MSHA Agrees to Settle Crandall Canyon Mine Case

Agapito Associates Inc., a mining engineering consulting firm, has agreed to pay a $100,000 penalty for a high-negligence violation in connection with the 2007 mine collapses that killed six miners and three rescue workers at Genwal Resources Inc.'s mine in Emery County, Utah.

The final chapter may have been written in the Mine Safety and Health Administration’s enforcement and legal actions to hold companies accountable for the August 2007 roof collapses at the Crandall Canyon mine in Emery County, Utah, that killed six miners and three rescue workers. MSHA on Sept. 18 submitted a settlement it has reached with Agapito Associates Inc., a mining engineering consulting firm, to the Federal Mine Safety and Health Review Commission.

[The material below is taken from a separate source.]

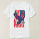Show your American pride with this bold patriotic eagle design. Featuring a powerful bald eagle soaring in front of a flowing American flag with a classic USA banner, this shirt represents freedom, strength, and the American spirit.

The firm accepted responsibility and agreed to pay $100,000 for a high-negligence violation for its role in the collapses at Genwal Resources Inc.'s underground coal mine. MSHA's investigation found the miners were killed when roof-supporting coal pillars collapsed in a catastrophic outburst, and two mine employees and an MSHA inspector died 10 days later in another coal outburst during rescue efforts. The investigation found "flawed engineering analysis by Agapito resulted in an inadequate mine design, with unsafe pillar dimensions, which contributed to the accident," according to MSHA.

Genwal and its parent company, UtahAmerican Energy Inc., submitted their mining plan to MSHA based on Agapito's analysis.

"With this settlement, Agapito takes responsibility for its role in the tragic mine collapse at Crandall Canyon," said Joe Main, assistant secretary of labor for mine safety and health. "Since this tragedy occurred, the agency has made a number of enforcement, administrative, and regulatory reforms to improve the health and safety of the nation's miners, particularly in the area of roof control safety."

If an administrative law judge approves it, the settlement will end legal proceedings brought by the federal government arising from the disaster. Genwal Resources and Andalex Resources Inc., also owned by UtahAmerican Energy, previously agreed to pay nearly $950,000 in civil penalties for Crandall Canyon violations, and Genwal Resources pleaded guilty in federal court to two criminal misdemeanors for its willful violation of mandatory health and safety standards at the mine and agreed to pay a $500,000 fine.